Johnson’s attorney argued that Orange Superior Court Judge Frank F. Fasel erred in allowing victim-impact testimony by the mother of the victim of the murder of which Johnson was previously convicted.

The four justices appointed by Republican governors Pete Wilson and Arnold Schwarzenegger said the testimony was proper. The three members more recently appointed to the court by Democratic Gov. Jerry Brown disagreed, but concluded admission of the testimony was harmless error.

Chief Justice Tani Cantil-Sakauye said it was appropriate for Fasel to allow the mother of Cory Lamons, whom Johnson beat to death with a hammer in 2004, to briefly testify how much she missed her son and how badly she felt that he died a violent death and she could do nothing to protect him.

A long line of decisions, the chief justice noted, has permitted evidence surrounding the circumstances of violent crimes previously committed by the defendant to be admitted in the penalty phase of a capital case, including evidence as to how those crimes affected victims.

“It would be anomalous to permit the penalty phase jury to consider the emotional suffering caused to the victim of the defendant’s nonfatal violent criminal activity but to preclude from the jury’s moral assessment the suffering caused by the defendant’s commission of a…homicide,” Cantil-Sakauye wrote.

Justices Kathryn M. Werdegar, Ming Chin, and Carol A. Corrigan joined in the opinion.

Justice Mariano-Florentino Cuéllar argued in his separate opinion, which was joined by Justices Goodwin H. Liu and Leondra R. Kruger, said the testimony of Sharon Thompson’s testimony was not relevant to any statutory aggravating factor and should have been excluded.
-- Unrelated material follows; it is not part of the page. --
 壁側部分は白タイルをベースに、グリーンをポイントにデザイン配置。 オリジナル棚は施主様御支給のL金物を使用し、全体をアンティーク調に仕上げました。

“The majority’s decision to the contrary mistakenly conflates two distinct categories of evidence:  evidence that tends to show the circumstances of an uncharged crime, and evidence of the uncharged crime’s effect on family or friends who were neither victims of nor witnesses to the crime,” the justice wrote. “Our case law offers ample justification for the admissibility of the first category of evidence.  Thompson’s testimony, however, falls in the second category.”

The error was harmless, the jurist concluded, because the testimony was brief, the issue was not addressed in jury instructions, and “the ultimate impact of Thompson’s testimony likely paled in comparison to the voluminous aggravating evidence that defendant had killed three people in separate incidents, had a substantial record of violent conduct in and out of custody, and had attempted to orchestrate violent attacks even while he was in custody awaiting trial.”

The case is People v. Johnson, 16 S.O.S. 416.